Senator Baldwin is a member of the Senate Appropriations Committee.

On October 1, NorthStar was given an Award for Outstanding Achievement by the U.S. Department of Energy’s National Nuclear Security Administration (NNSA) to recognize it as the first U.S.-based Mo-99 for nearly three decades. NorthStar’s RadioGenix System, which produces technetium-99m (Tc-99m) from Mo-99, won FDA approval in February.

At present the U.S. gets 100 percent of its supply from abroad, with the Netherlands being the major source of the material.

“NorthStar’s success directly supports the National Nuclear Security Administration’s goal to reduce the use of highly enriched uranium in civilian commercial applications,” said Peter H. Hanlon, assistant deputy administrator, Office of Material Management and Minimization, NNSA, during the award presentation at the recent NNSA 2018 Annual Topical Meeting, noting that, “NorthStar’s efforts have resulted in a safer world while contributing to a stable supply of this crucial medical radioisotope for American patients.”
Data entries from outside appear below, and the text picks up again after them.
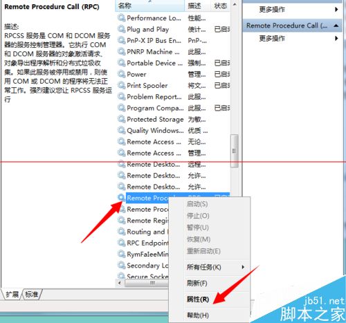 3、在右方服务列表中找到【Remote Procedure Call (RPC)】服务,右键点击选择【属性】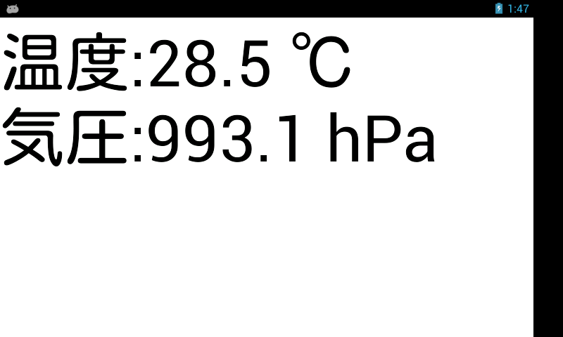 | i2c-dev.h これは何も変更を加えてないヘッダーファイルです。 my_i2c_sensors.h int openI2C(char* deviceName); I2Cデバイスをオープンする関数です。 int activateLPS331AP(int fd); 電源投入時は、センサーはスリープになっています。これを起こしてやるための関数です。 float getTempareture(int fd); センサーから温度データを取得する関数です。 float getPressure(int fd); センサーから大気圧データを取得する関数です。 my_i2c_sensors.c 上記以外の関数の説明: int SetSmbus (int fd, char rw, int command, int size, union i2c_smbus_data *data) SMbusにデータをセットする関数です。 static u_char readSensor(int fd, int sensorAddr, u_char regNo) センサーからデータを読み出す関数です。 sensorAddr:センサーのアドレスを指定します。LPS331APは0x5dです。 regNo:読み出すレジスタ番号を指定します。 static int writeSensor(int fd, int sensorAddr, u_char regNo, u_char data) センサーにデータを書き込む関数です。 sensorAddr:センサーのアドレスを指定します。LPS331APは0x5dです。 regNo:書き込むレジスタ番号を指定します。 data:書き込むデータ my_sensors.c これがセンサーでのデータ取得とAndroidアプリにデータを渡すインターフェースになります。 Android Appプログラムではセンサーがあるか?リストを取得します。 //センサーマネージャの取得(1) sensorManager=(SensorManager)getSystemService( Context.SENSOR_SERVICE); //センサーの取得(2) List<Sensor> list; list=sensorManager.getSensorList(Sensor.TYPE_TEMPERATURE); if (list.size()>0) tempmeter=list.get(0); list=sensorManager.getSensorList(Sensor.TYPE_PRESSURE); if (list.size()>0) pressmeter=list.get(0); このリストを定義しているのが、g_SensorList[]です。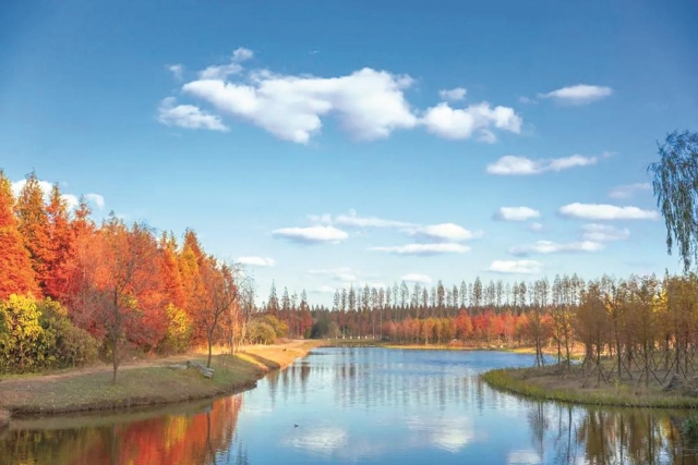 阳光和煦,红杉映衬,贯穿东西的湿地长廊风景带显得格外有意境。远处水波粼粼,近处芦苇轻摇。在湿地长廊点位打卡拍照,仿佛置身于一幅流动的画卷中,每一处光影都是自然的馈赠。
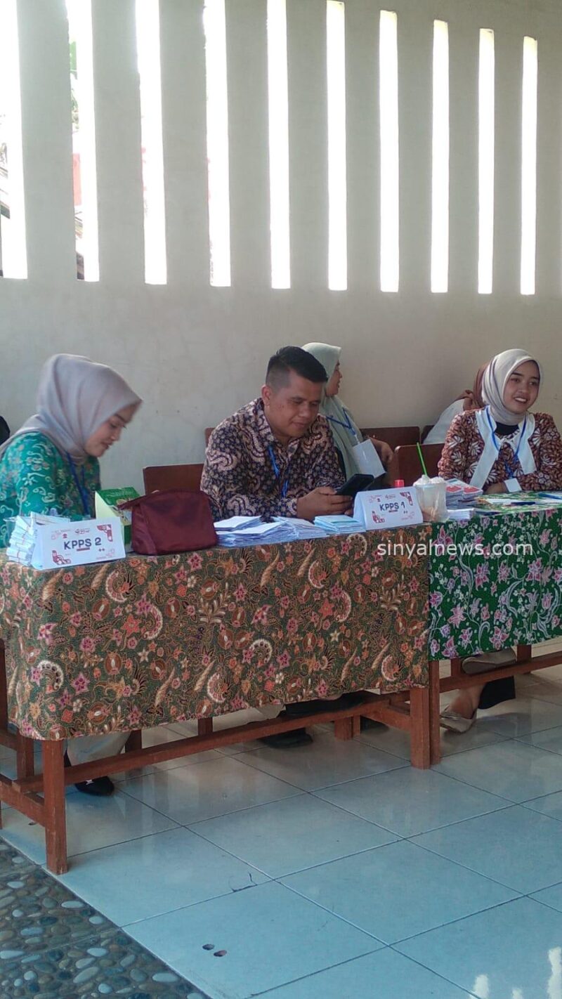 Pelayanan panitia pendaftaran peserta pemilih, Kardila Hanum dan Rizky Maharda, diiringi dengan senyum ramah saat melakukan proses verifikasi data diri para peserta pemilih, kemudian diberikan surat suara untuk mencoblos.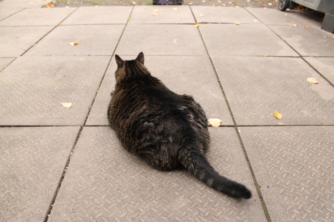 Now she has to guard and watch (still growling)... The other cat went on it's way across the fence later. Fun day!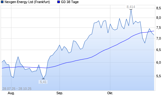 Mit dem Rücksetzer auf 7,26 EUR hat die Nexgen Energy-Aktie am 27.10.2025 die 38-Tage-Linie nach unten gekreuzt.Die Nexgen Energy-Aktie befindet sich seit dem 25.08.2025 im langfristigen ...weiterlesen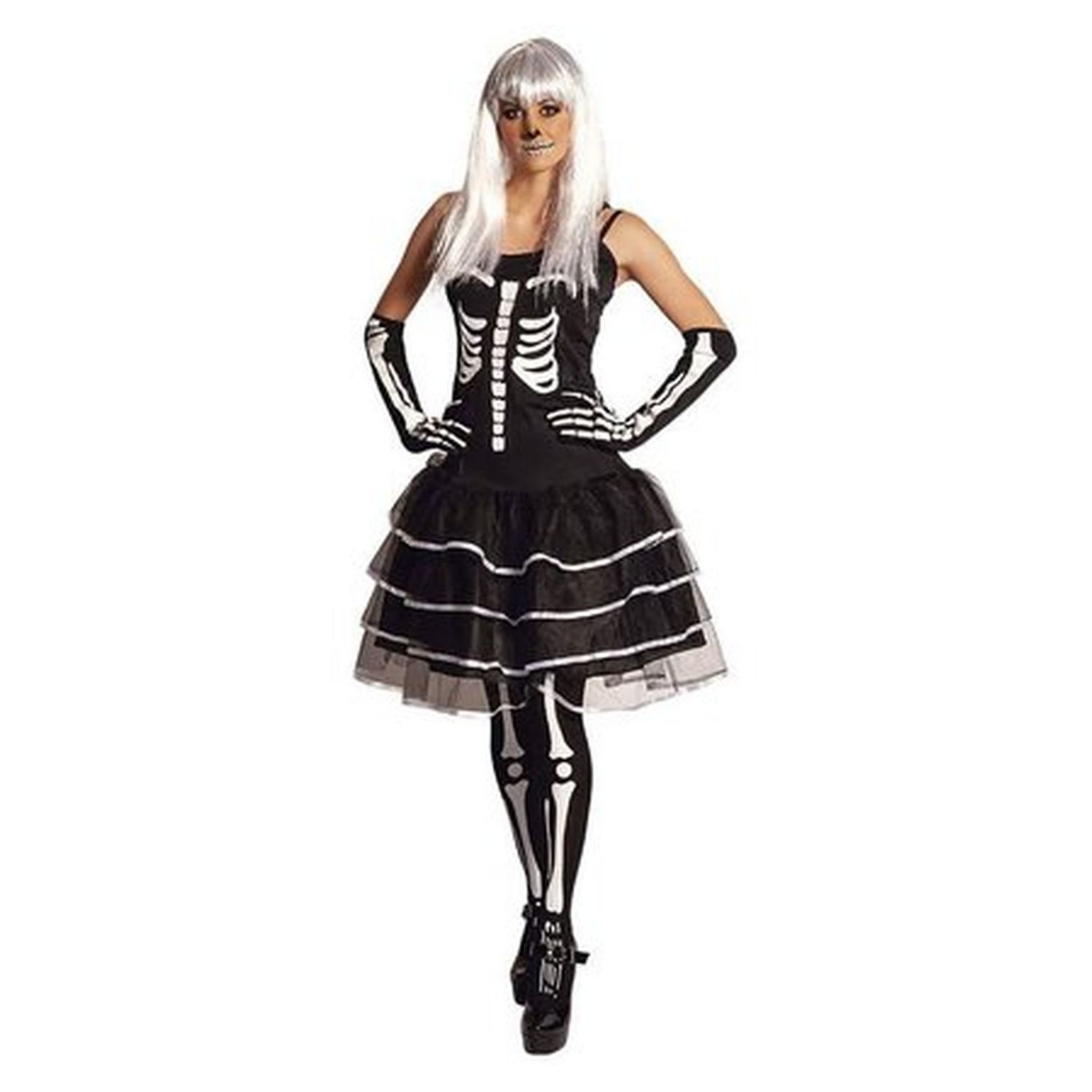 Comprend une robe tutu doublée d'une jupe en tissu, haut sans manche avec imprimé squelette, une paire de gants hauts imprimés et une paire de collants imprimés.

The NNSA-NorthStar development process for the RadioGenix System was a seven-year effort. “It’s gratifying that our efforts became realized through the FDA’s approval of the RadioGenix System. NNSA’s close collaboration, outstanding working relationship and support of NorthStar have been instrumental in achieving this success,” said George Messina, Chairman Emeritus of NorthStar Medical Radioisotopes, in a statement.